Marcel Duchamp and a prediction about art and craft

We are approaching a very important centenary in the art world, the creation of Marcel Duchamp’s “fountain”, arguably the most important work of art of the 20th century. Was he taking the piss? and why should craftspeople have any interest in it?

The point of fountain was that Duchamp was arguing that aesthetics and skill were not what made art, it was the artists idea that mattered.

Under the guise of an assumed name R Mutt, Duchamp submitted a porcelain urinal as an entry for an open exhibition in New York in 1917. With this work Duchamp metaphorically urinated on the bourgeois art institution and its adoration of what he referred to disparagingly as ‘retinal art’. “Fountain” was “misplaced” for the duration of the exhibition and lost soon afterward yet years later it achieved seminal status. It was not the worlds first ready-made, Duchamp showed “bicycle wheel” in 1913 but it is fountain that became iconic.

So what is the relevance today? Well trace Duchamps ideas forward 100 years and we see a century of art where skill and aesthetics were not seen as important and where ready-mades and installation art were where it was at. That century is coming to an end and personally I feel that the current art world is as self obsessed and out of touch as the one which Duchamp so successfully took the piss out of 100 years ago. Frankly there is only so much navel gazing and exposing to public view the least pleasant aspects of your past that the public want to see and after a while does it have any relevance or serious message?

So who will be the new Duchamp? Who will challenge the current ideas of where artistic merit lies? And where will that merit be found? Personally I fancy we will see a return to or perhaps some new form of appreciation of aesthetics and skill. I think we will again appreciate an artist who can create something of great beauty more than one who presents ready-mades or installations with some art speak justification. Why will this happen? Well in part what we have always admired and valued throughout history has been rarity and today there are not many folk that can grind pigments, mix oils and paint a decent picture, nor carve a stone for a cathedral window, nor make a basket, nor forge a gate hinge, yet conceptual art is taught to tens of thousands of university graduates every year.

Satchi et al have huge vested interest in maintaining the artistic status quo and will rubbish any suggestion that these things have as much merit as Emin’s latest but I genuinely feel they have more to say of importance to today’s world than most conceptual art. They comment on how we make the stuff of everyday life, on working conditions and waste and sustainability. It will be a few years coming but my prediction is that we are approaching the time when someone who makes humble functional craftwork will be valued as much as someone who makes art installations. And the funny thing is that I reckon if Duchamp was around today he would be rebelling against today’s art institution as much as he did in 1917.

4 Responses to Marcel Duchamp and a prediction about art and craft

  1. Dawn Turner July 6, 2011 at 8:06 pm #

    Great post Robin, I think you're so right on many points

  2. Tico Vogt July 7, 2011 at 2:10 am #

    Refreshing commentary. I'm in full agreement.

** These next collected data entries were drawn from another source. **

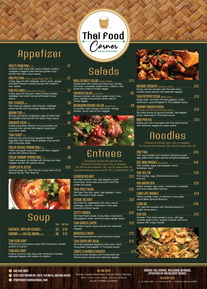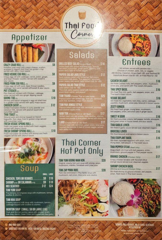 Thai Food Corner is a charming Thai restaurant located in Mesa, AZ. With a wide range of vegan and vegetarian options, this Asian-owned spot offers a diverse menu suitable for all diets. The restaurant prides itself on its inclusive atmosphere, gender-neutral restrooms, and outdoor seating with heated and covered options. Customers rave about the flavorful dishes, with favorites like yellow curry, pad Thai, and pad see ew standing out. Service is fast and friendly, and the portion sizes are generous, perfect for sharing. Despite its small size, Thai Food Corner accommodates large parties and offers catering services. With excellent reviews and a dedicated fanbase, this hidden gem is a must-try for anyone craving authentic Thai cuisine.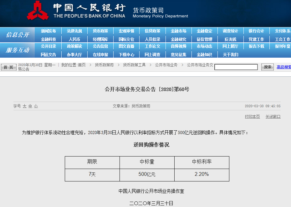 3月30日,央行下调7天期逆回购利率20个基点。值得注意的是,为应对疫情影响,今年2月初央行先行下调逆回购利率10个基点,当月中期借贷利率(MLF)随后同幅下调,进而带动2月贷款市场报价利率(LPR)下调。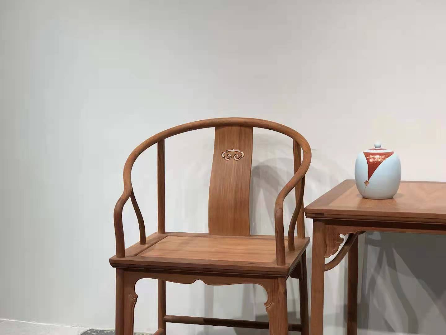 小棋桌无束腰,面微微喷出,冰盘沿用椅盘面一样的造法,圆材侧脚,霸王枨结构为腿部留下充裕的活动空间,比例控制得当。三件套基本形成1:1:1的视觉效果,存在感极强,却也不会夺了圈椅的光彩。传统家具传承的是榫卯、文化和审美,当代生活则需要更多的可能,这套圈椅,应该是一次不错的碰撞与出彩。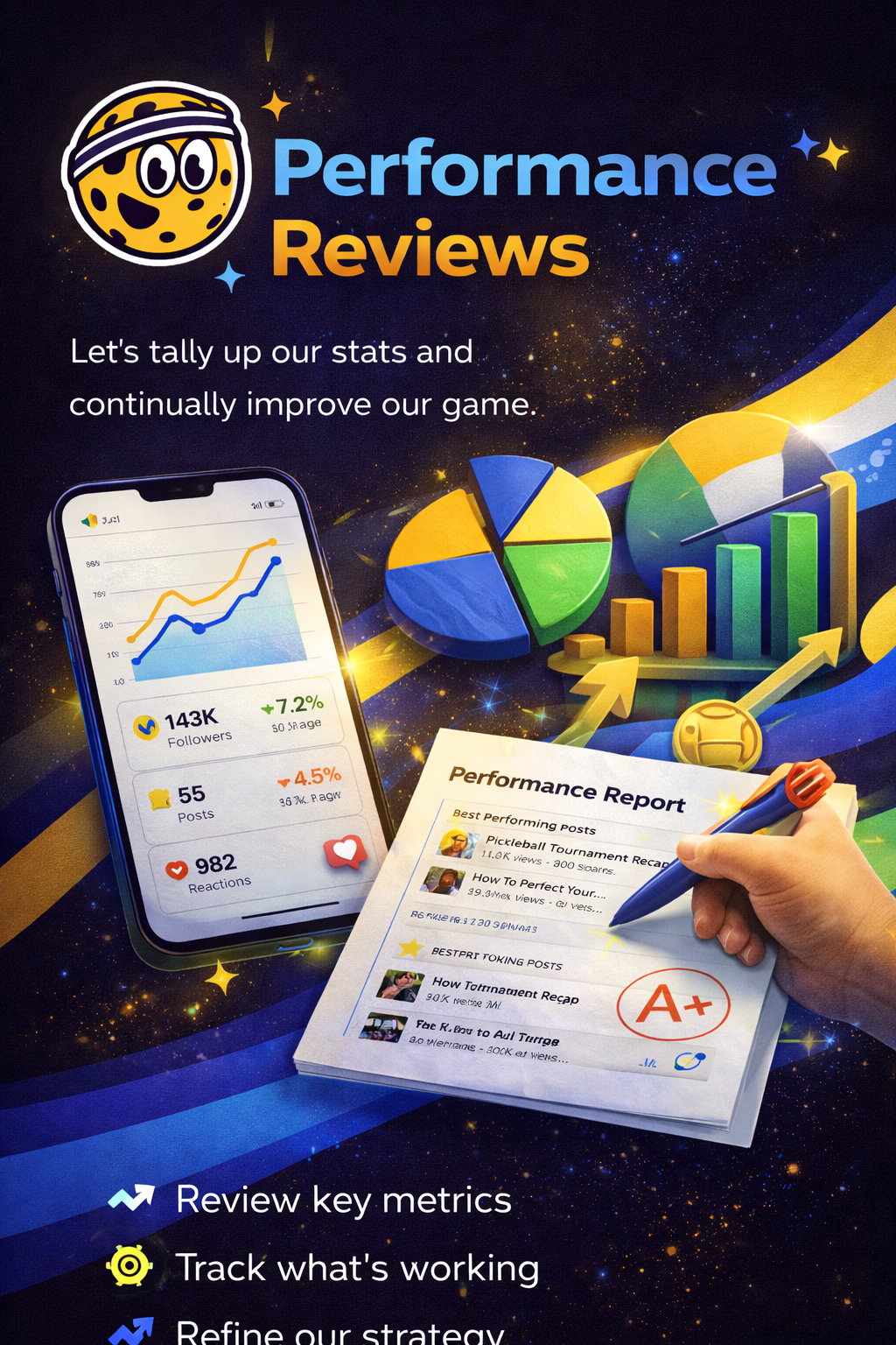 Every post, every Story, every Reel looks and sounds unmistakably Pickleheads: competitive, inclusive, data-proud.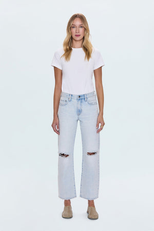 LEXI MID RISE BOWED SOLTD STRAIGHT SOLSTICE DISTRESSED

  3. miss rika July 14, 2011 at 4:26 pm #

    And a hearty "amen!"

  4. Robbert Ruigrok February 7, 2016 at 8:01 am #

    Well Put, and in full agreement. To your prediction ‘that we are approaching the time when someone who makes humble functional craftwork will be valued as much as someone who makes art installations’, I would like to add that the funny thing is that if you apply Duchamps’ ready-made art philosophy, then the ‘humble functional craftwork’ itself can be considered as an objet trouvé, and It can either be placed in an art gallery to elevate it to the levels of ‘art’, or the home where the craftwork finds it place (in a way the home can reclaim the artwork away from the gallery, so it’s ‘humble functionality’ can manifest in daily life where it can also be admired as an object ) becomes itself the new ready-made art gallery, that contains the ready-made craftwork, which can elevate our whole life to being the ready-made ‘stage’ where the ‘play’ of the contemporary art world takes place, is conceived, designed, executed (made), admired, sold, bought, loved, shared, given, lived. Life becomes the ‘Gesamstkunstwerk-objet trouvé’, and we can finally start enjoying a truly Artistic Life – why not with capital A and L, a fully self-realised life. If that could be a prediction that would be great as we would live in Utopia. So the timeline of this prediction is to be kept open as it is also fitting in an ideal destiny for humanity.